Сары долго присматривался к двум сестрам. И младшая ему нравилась, и старшая. Ходил он к ним в гости по-соседски, но вынашивал скрытые планы – жениться на одной из них. Разница в возрасте у сестер Сме и Хоры была четыре года, но не это Сары волновало. Он не мог понять, какая ему нравится больше. Сме вся светилась тайной страстью, интересом к жизни улицы и томилась домом. Ей было шестнадцать. Хора, как говорили родственники за ее спиной, уже перезрела. Она была внешне уже женщиной, красивой, правда, немного грубоватой в чертах: не в мать пошла, а в отца. Но в ней уже жила готовность стать женой, настоящей женой. Она была готова к этому новому состоянию, и ухаживания Сары воспринимала с ожиданием, не так, как младшая, Сме… Сары был уже не юношей – около тридцати… Но ему не везло с невестами. Одна, которую он выбрал в своем районе, неожиданно переехала с семьей на север Крыма, аж на Арабатскую стрелку. Другая вышла замуж, так и не дождавшись решительного слова Сары…

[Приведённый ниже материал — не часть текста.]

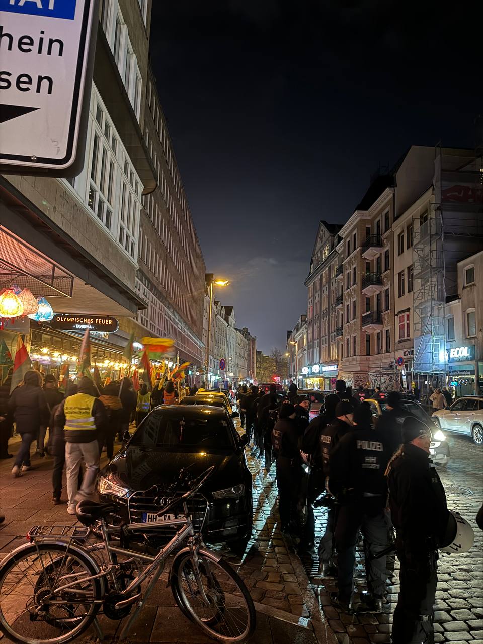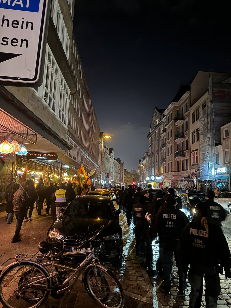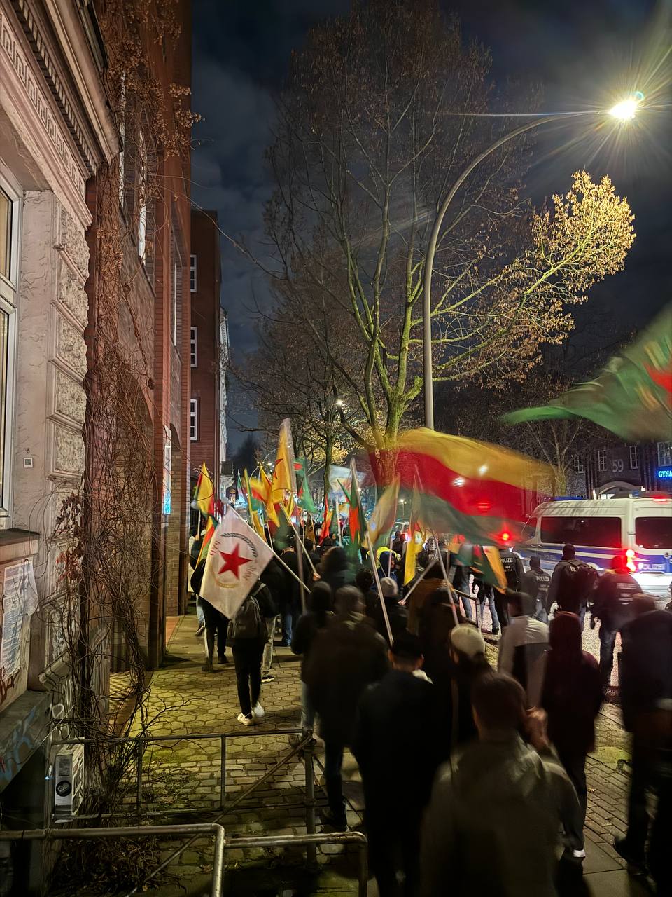 HAMBURG – Almanya’nın Hamburg kentinde, Tevgera Ciwanên Şoreşger (TCŞ), Rojbin Kadın Meclisi ve Hamburg Demokratik Kürt Toplum Merkezi (DKTM) öncülüğünde Rojava saldırılarına karşı yapılan yürüyüşe, Alman enternasyonalistler ve Türkiyeli sol gruplar da destek verdi. Yürüyüş öncesi TCŞ adına okunan basın açıklamasında, İşgalci Türk devletinin Minbic ve Rojava’ya yönelik saldırıları kınandı. Gençler, Kürt halkına yönelik soykırım tehlikesine karşı tüm Kürdistan gençlerini direnişe çağırdı.

Он работал резчиком по камню, хотя отец его был разрубщиком туш на базаре и научил своему ремеслу сына. Но потом Сары почему-то стал заниматься камнем. Он работал в мастерской, где принимались любые заказы: надгробия, орнаменты для украшения домов, надписи… Через несколько лет работы он уже мог вырубить из камня небольшую голову на заказ. Почти как скульптор. Он нигде не учился, просто находил подходящий камень, кусок мрамора или гранита, туф, песчаник, белый камень, прикидывал на глаз и начинал рубить. Молоток и долото не выскальзывали у него из рук. Потом шли более мелкие инструменты, доводка более твердым камнем или наждаком – крупным, затем мелким…

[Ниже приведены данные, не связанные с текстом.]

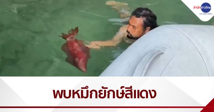 ฮือฮา! นักท่องเที่ยวพบปลาหมึกยักษ์หายาก สีแดงทั้งตัว โผล่ขึ้นมาบริเวณน้ำตื้นบนอ่าวบุหยา หลังเกาะปอดะ ต.อ่าวนาง อ.เมือง จ.กระบี่ ยาวประมาณ 2 ฟุต หนักกว่า 2 กิโลกรัม

Заказы шли постоянно. Он хорошо зарабатывал и готов был построить дом для семьи. Но вот с женитьбой… Он приходил по-соседски к Сме и Хоре, они сидели в беседке, увитой виноградником и хмелем, разговаривали ни о чем, потом, вздыхая, расходились… Отец девочек подходил к Сары и подмигивал:

– Ну что ты тянешь! Бери, мне все равно какую, обеих люблю. Парень ты что надо, все в дом. Да с любой из них у вас будут золотые пороги, лишь бы не было войны: нэ эльдэ, нэ бельдэ – ни в руках, ни в пояснице…

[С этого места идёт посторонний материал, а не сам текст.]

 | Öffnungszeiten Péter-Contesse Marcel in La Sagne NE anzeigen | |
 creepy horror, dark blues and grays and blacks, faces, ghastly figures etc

Но Сары тянул – и та ему нравилась, и эта. И решил он послушаться камня. Нашел в горах два куска розового туфа и начал вырубать две женские головки. Камень для портрета Сме шел покорно, мягко. Она получилась за несколько дней, с доброжелательным выражением лица. Камень Хоры был жёсток, сопротивлялся – Сары даже в кровь изодрал руку. Он работал недели две. Поставил потом на подоконник обе головки и стал рассматривать. Ничего не скажешь, обе были хороши. Сме – легка и смешлива. Хора – с характером, но в лице вдруг проявилась мягкость… И Сары решил, что коль камень Сме так хорошо ложился под руку, то, значит, будет она ему ладной, верной и не занозистой женой…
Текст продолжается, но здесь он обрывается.